Given information.
********

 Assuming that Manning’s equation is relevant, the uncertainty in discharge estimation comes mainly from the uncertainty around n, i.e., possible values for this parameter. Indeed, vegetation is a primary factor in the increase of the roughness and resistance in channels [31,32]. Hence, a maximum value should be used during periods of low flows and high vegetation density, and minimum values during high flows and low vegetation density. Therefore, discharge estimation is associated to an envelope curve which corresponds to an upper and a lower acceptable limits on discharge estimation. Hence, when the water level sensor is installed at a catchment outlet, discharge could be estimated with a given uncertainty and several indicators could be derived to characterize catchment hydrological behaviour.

********

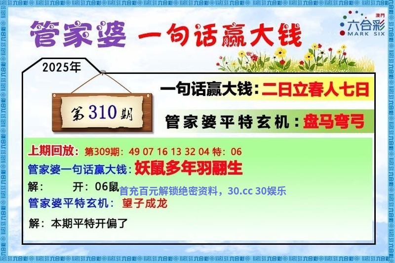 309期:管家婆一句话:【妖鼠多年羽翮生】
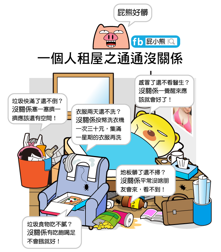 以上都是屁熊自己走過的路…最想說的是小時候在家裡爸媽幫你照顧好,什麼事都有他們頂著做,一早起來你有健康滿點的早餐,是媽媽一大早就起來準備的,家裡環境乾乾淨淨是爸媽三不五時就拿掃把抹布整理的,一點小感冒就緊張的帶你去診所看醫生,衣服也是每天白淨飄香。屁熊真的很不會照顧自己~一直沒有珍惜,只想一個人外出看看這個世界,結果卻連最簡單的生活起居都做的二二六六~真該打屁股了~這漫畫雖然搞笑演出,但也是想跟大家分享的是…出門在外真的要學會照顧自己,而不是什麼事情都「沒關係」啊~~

********

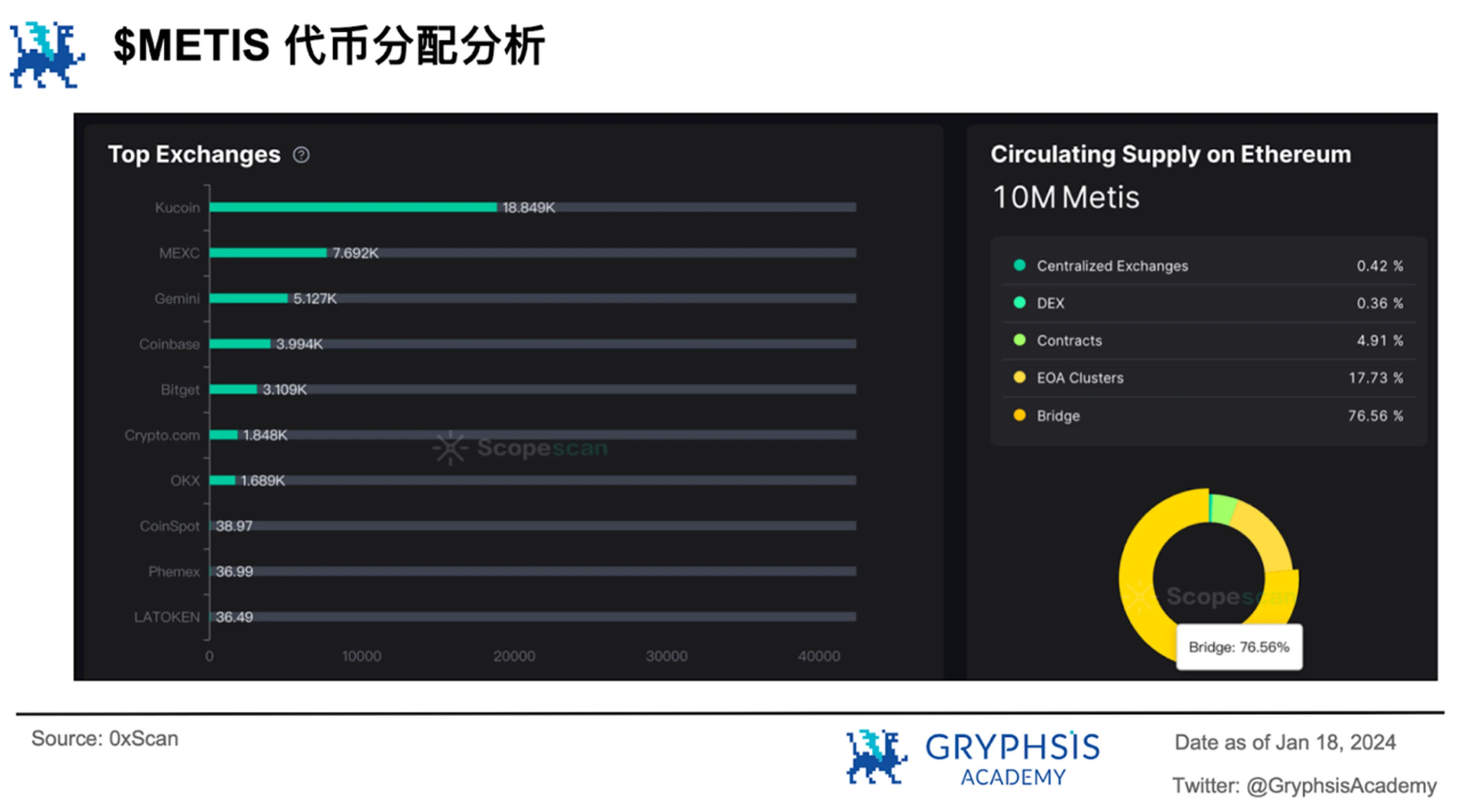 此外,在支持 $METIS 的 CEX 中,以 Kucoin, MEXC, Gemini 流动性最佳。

********

What you need to do.
What is wanted is an exact copy of the lines above from the one containing "309期:管家婆一句话:【妖鼠多年羽翮生】" through the one containing "以上都是屁熊自己走過的路…最", with no pictures in it.

Exercise response.
 309期:管家婆一句话:【妖鼠多年羽翮生】
 以上都是屁熊自己走過的路…最想說的是小時候在家裡爸媽幫你照顧好,什麼事都有他們頂著做,一早起來你有健康滿點的早餐,是媽媽一大早就起來準備的,家裡環境乾乾淨淨是爸媽三不五時就拿掃把抹布整理的,一點小感冒就緊張的帶你去診所看醫生,衣服也是每天白淨飄香。屁熊真的很不會照顧自己~一直沒有珍惜,只想一個人外出看看這個世界,結果卻連最簡單的生活起居都做的二二六六~真該打屁股了~這漫畫雖然搞笑演出,但也是想跟大家分享的是…出門在外真的要學會照顧自己,而不是什麼事情都「沒關係」啊~~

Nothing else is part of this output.